The conversation also delved into KhiladiPro’s proprietary Khiladi Ability Index (KAI), its application in schools and academies, and the measures taken to validate AI models across diverse demographics. Key operational strategies for adoption in digitally uneven regions and the platform’s approach to ethical data management were also explored.

Interview Excerpts: 

CiOL’s interaction with KhiladiPro provided detailed insights into how the platform is creating measurable, objective pathways for youth sports development in India. Here, we share the full Q&A with David Gladson: 

How does KPro’s AI-first assessment model address the long-standing structural gaps in India’s youth sports ecosystem, especially in schools and academies lacking trained coaches and standardised evaluation methods?
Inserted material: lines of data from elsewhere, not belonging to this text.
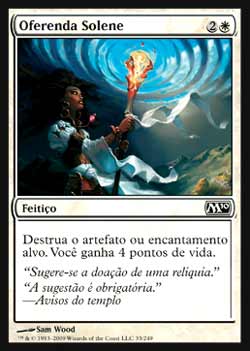 | Nome em Inglês: | Solemn Offering | | Nome em Português: | Oferenda Solene | | Custo de Mana: |   | | Tipo: | Feitiço | | Texto: | Destrói o artefato alvo ou encantamento alvo. Você ganha 4 pontos de vida. | | Série: |  | | Outras: | | | Raridade: | Comum | | Card: | 033 |
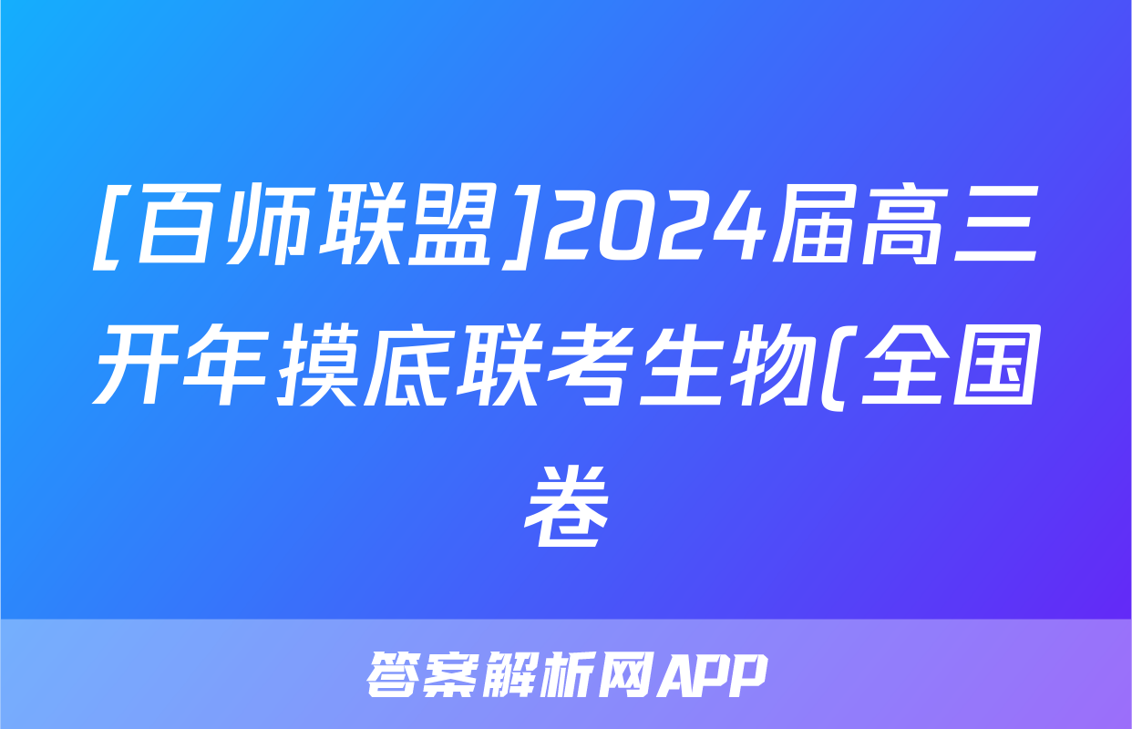 [百师联盟]2024届高三开年摸底联考生物(全国卷)试题,目前2025-2026衡水金卷答案网已经汇总了[百师联盟]2024届高三开年摸底联考生物(全国卷)试题的各科答案和试卷,获取更多{{papers_name}}答案解析,请在关注本站。
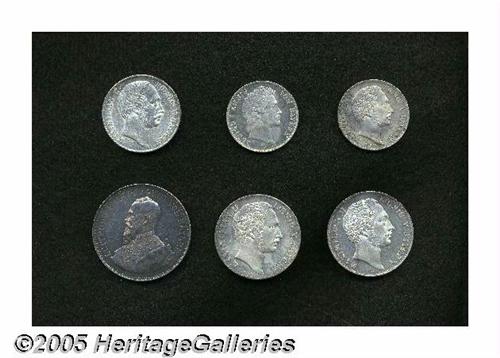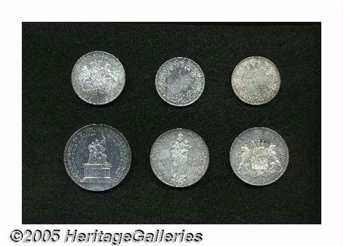 <B>Bavaria. A mixed lot as follows:</B></I> 1 Gulden 1840, KM414, XF; 1 Gulden 1855, KM445, AU; 1 Taler 1860, KM468, AU; 2 Gulden 1855, KM446, Choice AU; 2 Gulden 1855, KM465, XF; and an 1892 silver medal, 40 mm, bust of Prince Regent Luitpold left/Statue of the Army in the halls of Marshalls in Munich, XF with the reverse cleaned. <B>A sold as is, no return lot.</B></I> From the Dr. Kurt Peters Collection.
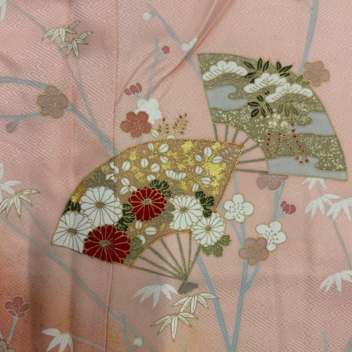 50%OFF 訪問着 身丈166cm 裄丈67cm M 袷 扇面 牡丹 金糸 金彩 サーモンピンク 正絹 秀品 K50
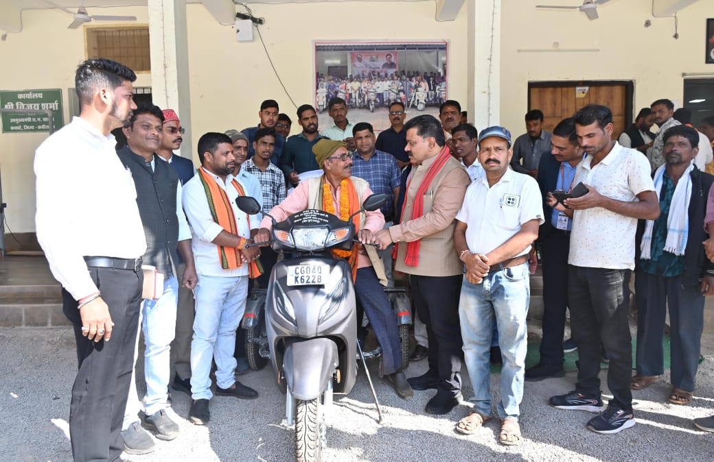 रायपुर उपमुख्यमंत्री एवं कवर्धा विधायक विजय शर्मा की संवेदनशील पहल से एक बार फिर दिव्यांगजन को आत्मनिर्भरता की राह मिली है। विकासखंड बोड़ला के ग्राम सरेखा निवासी एक पैर से दिव्यांग श्री नेमीसिंह साहू को आज विधायक कार्यालय कवर्धा में पेट्रोल चलित स्कूटी प्रदान की गई।
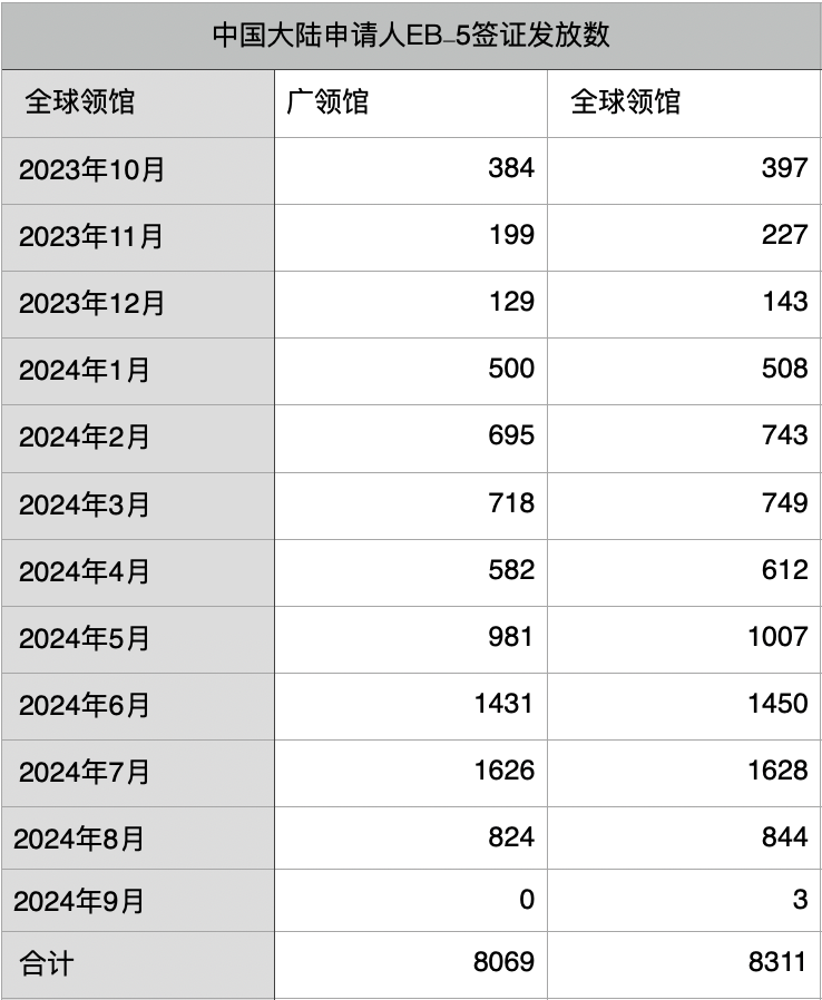 2024財(cái)年EB-5簽證發(fā)放數(shù)據(jù)
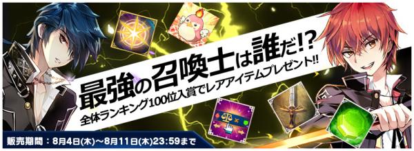そして、アリーナオープンを記念して、シーズン終了後に全体ランキング100位以内にランクインした召喚士に豪華アイテムをプレゼントします。
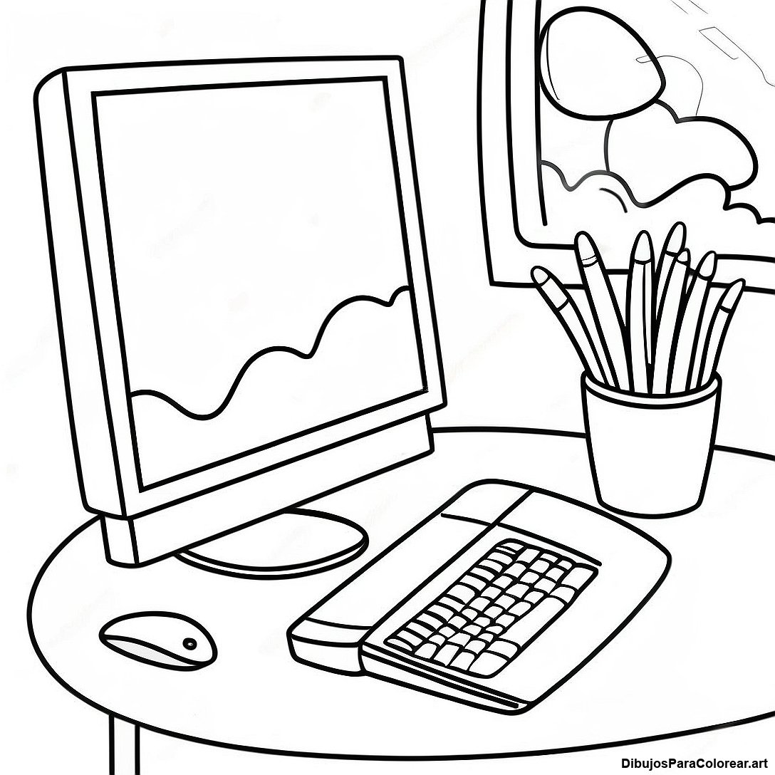 Pagina Para Colorear De Configuracion De Computadora De Escritorio Colorida
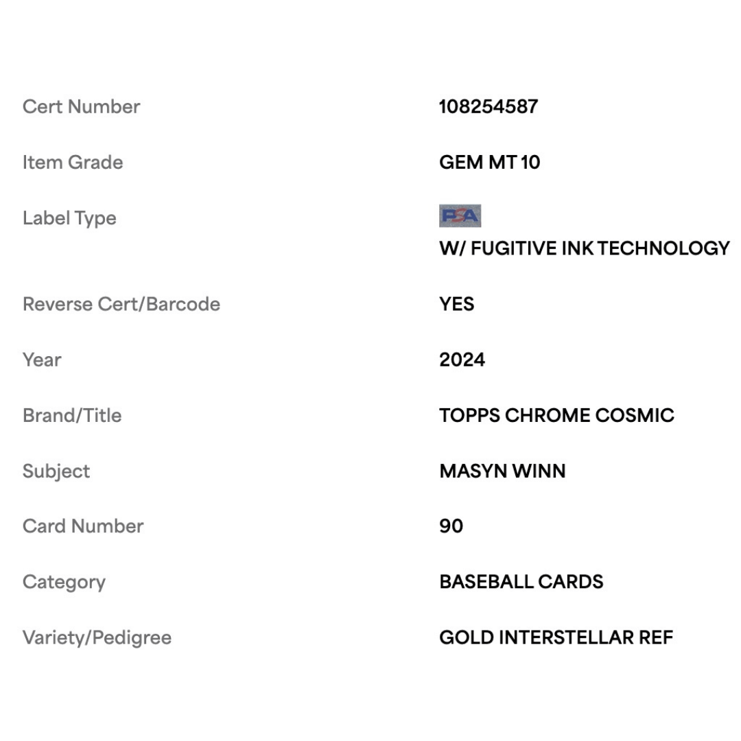 Masyn Winn PSA 10 2024 Topps Chrome Cosmic Gold Interstellar Refractor Rookie RC #d/ 50 Card #90
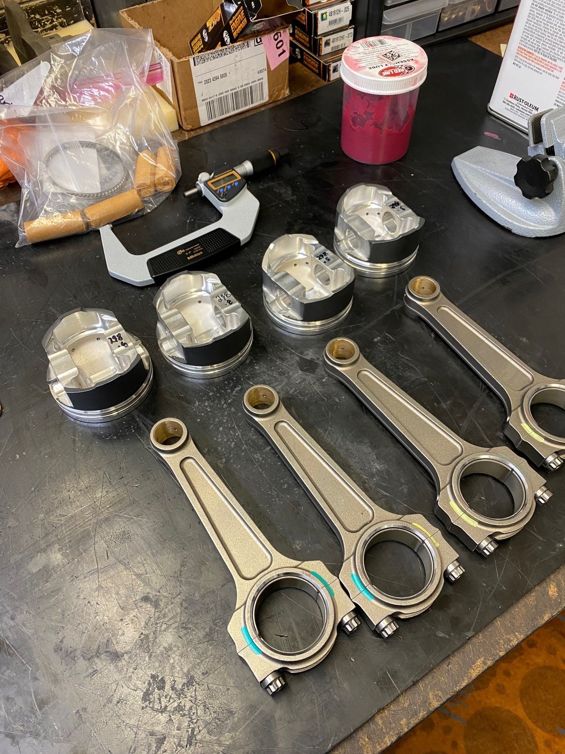 Standard rod 2.4 Manley turbo tuff rods Weisco Hd 12.5:1 pistons Swain tech coated Oem mitsu crank rebuilt oil pump gears that are polished Swain tech coated bearings Cosworth hg Torque solutions motor mounts

For decades, India’s grassroots sports ecosystem has struggled with three deep-rooted issues, lack of trained coaches, absence of standardized assessment, and limited early visibility for talent. KPro’s AI-first assessment model is designed to bridge these gaps, and to do so at scale. 

Our technology brings objective, science-backed talent evaluation directly to schools and academies that may not have access to specialised coaching resources. With just a smartphone, KPro can analyse a child’s athletic performance across 20+ parameters, speed, agility, biomechanics, coordination, strength markers, & benchmark them against age-appropriate global standards. This creates a level playing field that India’s youth sports ecosystem has historically lacked.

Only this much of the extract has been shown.